From Amazon UK's description of The Apple:
Enjoy more sugar...Take a saunter down Silver Street once more for an early Christmas encounter with the determined heroine of "The Crimson Petal and the White", and find out more of what became of her. In this collection, Michel Faber revisits the world of his bestselling novel, briefly opening doors onto the lives of its characters to give us tantalising glimpses of where they sprang from and what happened to them.
I don't even know why I'm so excited. I happen to be one of only eight people on the planet who didn't find the ending of The Crimson Petal and the White rushed and unsatisfactory (I guess once you've got a couple of Neal Stephensons under your belt, Faber's hurriedness doesn't even register). Not to mention that the entire concept puts my back up--going back to the universe of a mega-bestseller to tie up loose ends and tell additional stories? It was a bad idea when Neil Gaiman did it in Sandman: Endless Nights, and probably there are half a dozen other examples I can't think of right now.

But I still want it.


Anonymous said…
My problem with "Crimson Petal" wasn't the was the characters and his psychologically limited portrayal of the period. Ten years of research, and the best he could come up with were stereotypical characters that anyone who knows anything about the Victorian period could have thought of. Sugar is, I think, the only exception.

I don't regret reading it because the thoroughness of his historical detail was admirable and I'm sure I learned something...but more of the same? Nooooo thanks. I see this sequel as, "I researched this damn period for ten years, it's good for ten more books!"
Anonymous said…

I didn't find the ending rushed because by that time I was in agony that it might all go wrong. I just wanted to know they were OK. That's the trouble with Faber: it all goes wrong so very often that you feel gratitude when it isn't death and misery all round.

Interesting observation about the complexity of the characters. It's true that most of the characters are stock types, but I think Faber handles them well - however unoriginal they may be, they're still recognizably people.

At least as far as I was concerned, Crimson Petal's rolicking plot made up for the predictability of the characters. That's probably where the vaunted ten years of research went into as well (or maybe Faber is just a slow writer).

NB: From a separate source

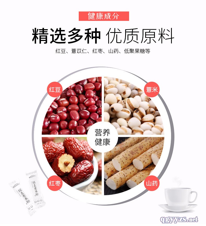 | 主要成分 | 紅豆、薏苡仁、紅棗、山藥、低聚果糖 |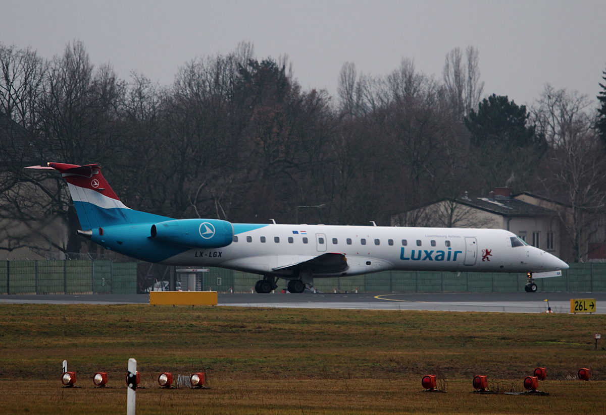 Luxair ERJ-145LU LX-LGX kurz vor dem Start in Berlin-Tegel am 05.02.2016

I hadn't read any Faber before Crimson Petal. After finishing it I picked up Under the Skin, which was a nasty (although not entirely unpleasant) surprise. But I certainly felt anxious towards the end of the novel, and relieved that the characters I cared about got away with something like a reprieve.
Anonymous said…
Have you read Some Rain Must Fall and/or The Fahrenheit Twins?
No, Niall - just Crimson Petal and Under the Skin. I've been thinking that I ought to give Faber a more serious look - would you recommend either one?
Anonymous said…
'some rain must fall' is better than 'farenheit twins' IMHO
Anonymous said…
Does anyone know when The Apple will be published in North America? doesn't list it and I'm dying to read it.